INFORMATION PROVIDED
--*--

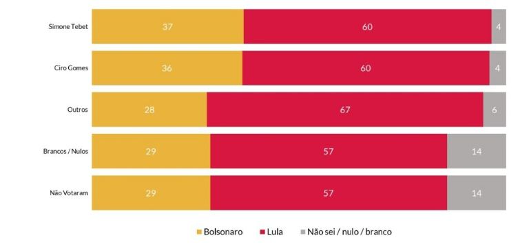 Entre eleitores que declaram terem votado tanto em Simone Tebet (MDB) quanto em Ciro Gomes (PDT) no primeiro turno, 60% dizem que Lula saiu vencedor do debate na Band, enquanto 36% citam Bolsonaro - 4% não sabem em ambos os cenários.
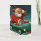 Conducción pasada de moda de Papá Noel qué mira para ser un coche eléctrico a través de una nevada que ciega. Las mejillas rojas rechonchas, las cejas blancas espesas y un centelleo en su ojo hacen esto una tarjeta de Navidad perfectamente nostálgica con deseos calientes su familia y amigos.
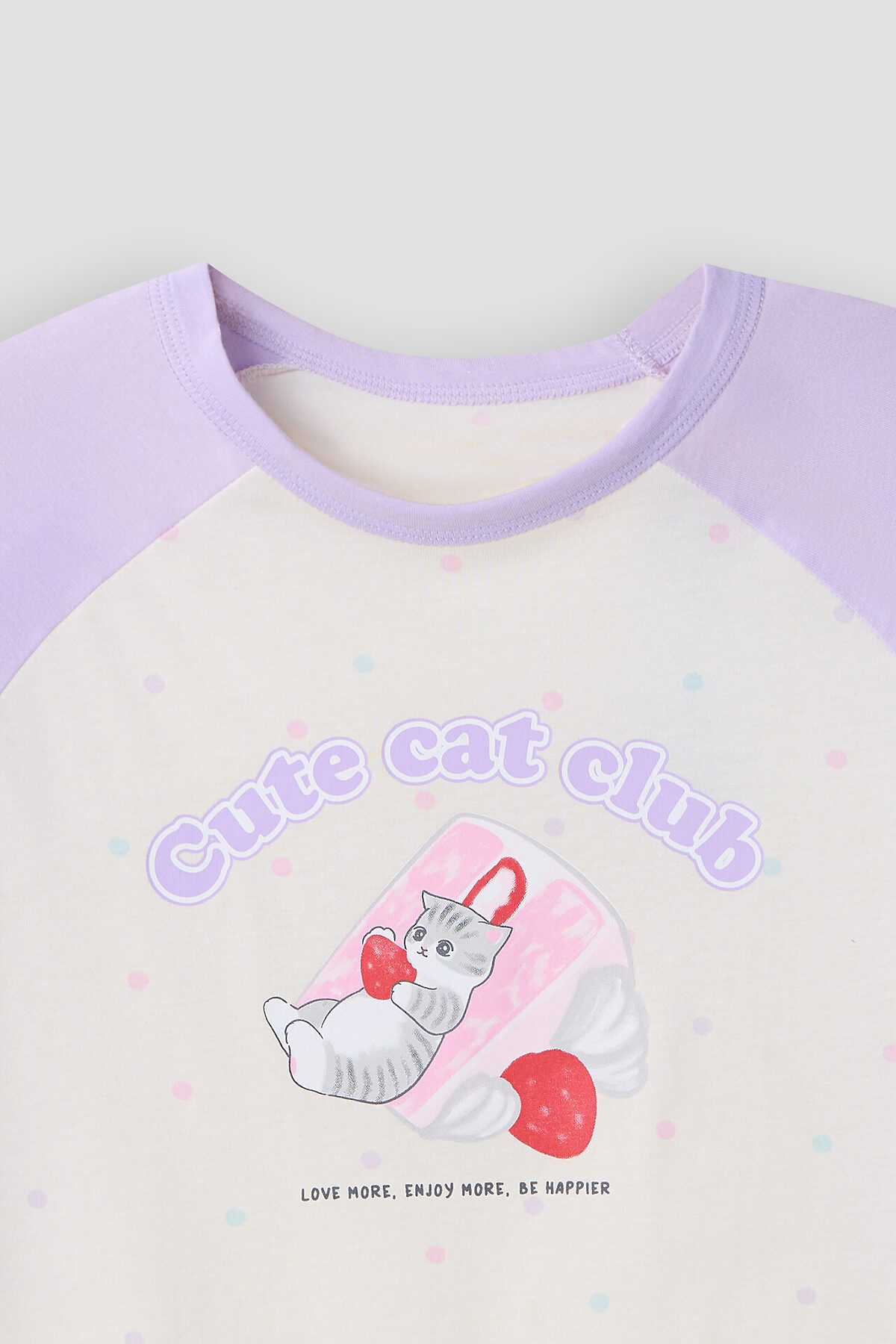 Сорочка прямого силуэта. Горловина круглой формы с обтачкой из основного полотна обработана 3 игольной плоской строчкой с верхним застилом. Рукав реглан, короткий. Низ изделия и рукавов обработан 3 игольной плоской строчкой с верхним застилом.

--*--

ASSIGNMENT
Retype all of the data above word for word, excluding the pictures.

OUTPUT BELOW
 Entre eleitores que declaram terem votado tanto em Simone Tebet (MDB) quanto em Ciro Gomes (PDT) no primeiro turno, 60% dizem que Lula saiu vencedor do debate na Band, enquanto 36% citam Bolsonaro - 4% não sabem em ambos os cenários.
 Conducción pasada de moda de Papá Noel qué mira para ser un coche eléctrico a través de una nevada que ciega. Las mejillas rojas rechonchas, las cejas blancas espesas y un centelleo en su ojo hacen esto una tarjeta de Navidad perfectamente nostálgica con deseos calientes su familia y amigos.
 Сорочка прямого силуэта. Горловина круглой формы с обтачкой из основного полотна обработана 3 игольной плоской строчкой с верхним застилом. Рукав реглан, короткий. Низ изделия и рукавов обработан 3 игольной плоской строчкой с верхним застилом.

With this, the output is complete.